Below are some entries. Transcribe the lines from the one holding "Пісочний набір буде" to the one holding "除了迎和中国人的口味与经济购", inclusive, but not the pictures among them.

■ **Extracted entries**

• • • •

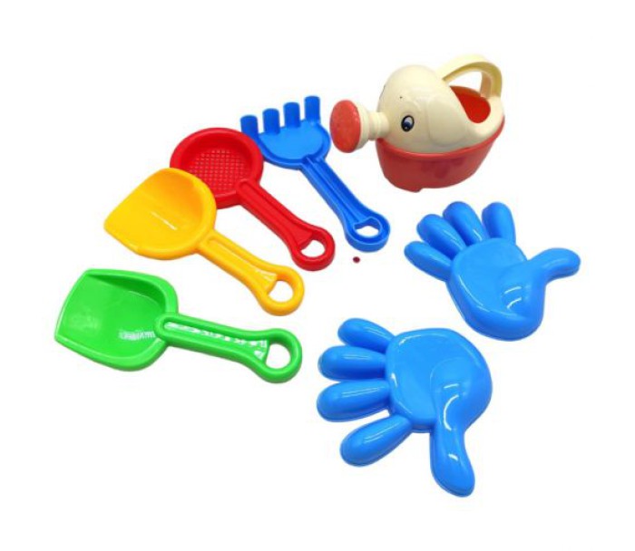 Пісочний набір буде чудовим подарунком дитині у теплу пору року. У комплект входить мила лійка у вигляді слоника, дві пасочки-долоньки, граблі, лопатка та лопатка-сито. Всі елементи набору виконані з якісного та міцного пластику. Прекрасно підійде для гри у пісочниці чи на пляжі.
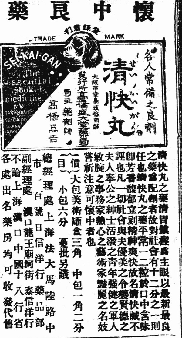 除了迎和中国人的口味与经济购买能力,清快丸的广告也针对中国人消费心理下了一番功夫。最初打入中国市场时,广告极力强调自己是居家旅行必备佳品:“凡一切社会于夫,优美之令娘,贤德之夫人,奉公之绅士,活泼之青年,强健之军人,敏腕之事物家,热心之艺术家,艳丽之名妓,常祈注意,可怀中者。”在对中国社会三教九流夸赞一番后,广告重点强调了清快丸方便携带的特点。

• • • •

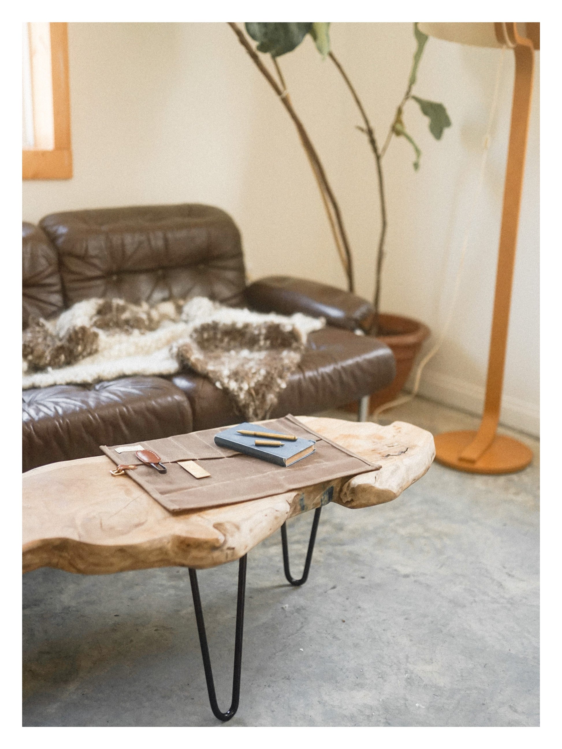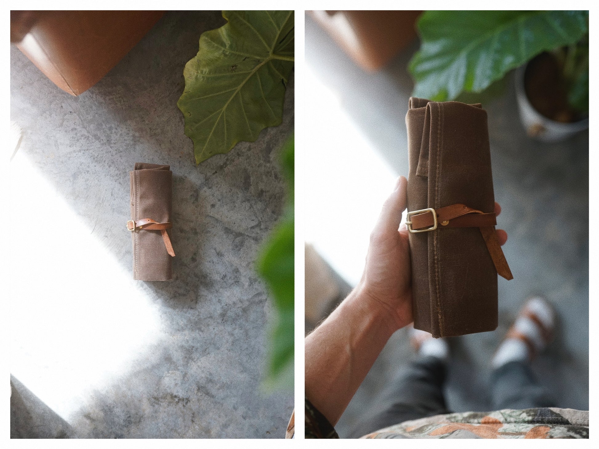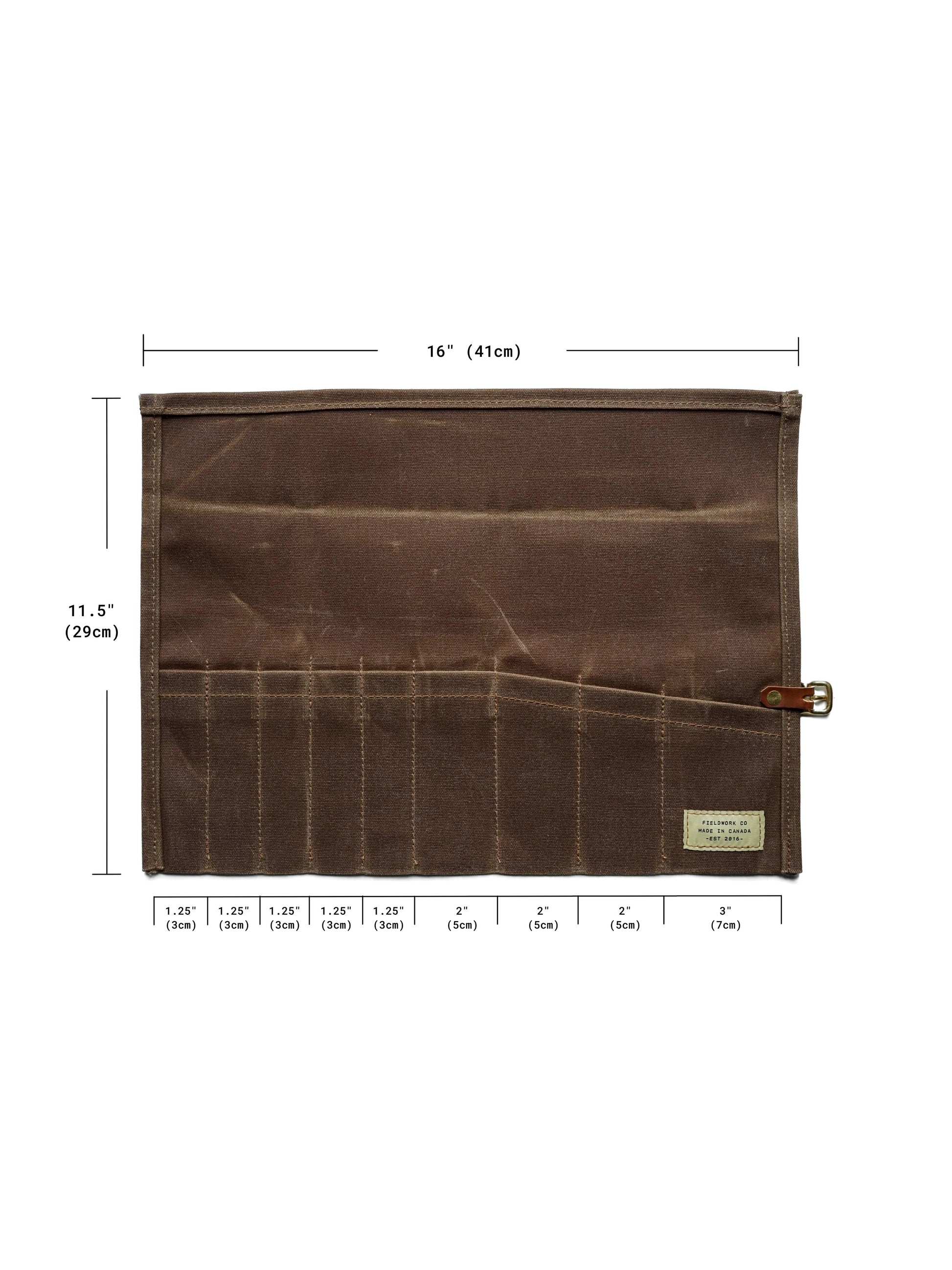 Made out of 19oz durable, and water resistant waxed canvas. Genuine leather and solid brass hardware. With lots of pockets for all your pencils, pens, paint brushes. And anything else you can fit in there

• • • •

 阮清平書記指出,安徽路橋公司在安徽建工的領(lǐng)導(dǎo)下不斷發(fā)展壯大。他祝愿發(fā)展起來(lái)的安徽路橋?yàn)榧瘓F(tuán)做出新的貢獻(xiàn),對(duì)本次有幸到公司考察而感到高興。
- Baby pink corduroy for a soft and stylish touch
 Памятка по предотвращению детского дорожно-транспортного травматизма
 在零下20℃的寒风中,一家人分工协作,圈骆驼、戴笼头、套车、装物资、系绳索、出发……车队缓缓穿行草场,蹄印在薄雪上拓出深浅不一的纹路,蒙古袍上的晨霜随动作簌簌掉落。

• • • •

■ **Solution**
 Пісочний набір буде чудовим подарунком дитині у теплу пору року. У комплект входить мила лійка у вигляді слоника, дві пасочки-долоньки, граблі, лопатка та лопатка-сито. Всі елементи набору виконані з якісного та міцного пластику. Прекрасно підійде для гри у пісочниці чи на пляжі.
 除了迎和中国人的口味与经济购买能力,清快丸的广告也针对中国人消费心理下了一番功夫。最初打入中国市场时,广告极力强调自己是居家旅行必备佳品:“凡一切社会于夫,优美之令娘,贤德之夫人,奉公之绅士,活泼之青年,强健之军人,敏腕之事物家,热心之艺术家,艳丽之名妓,常祈注意,可怀中者。”在对中国社会三教九流夸赞一番后,广告重点强调了清快丸方便携带的特点。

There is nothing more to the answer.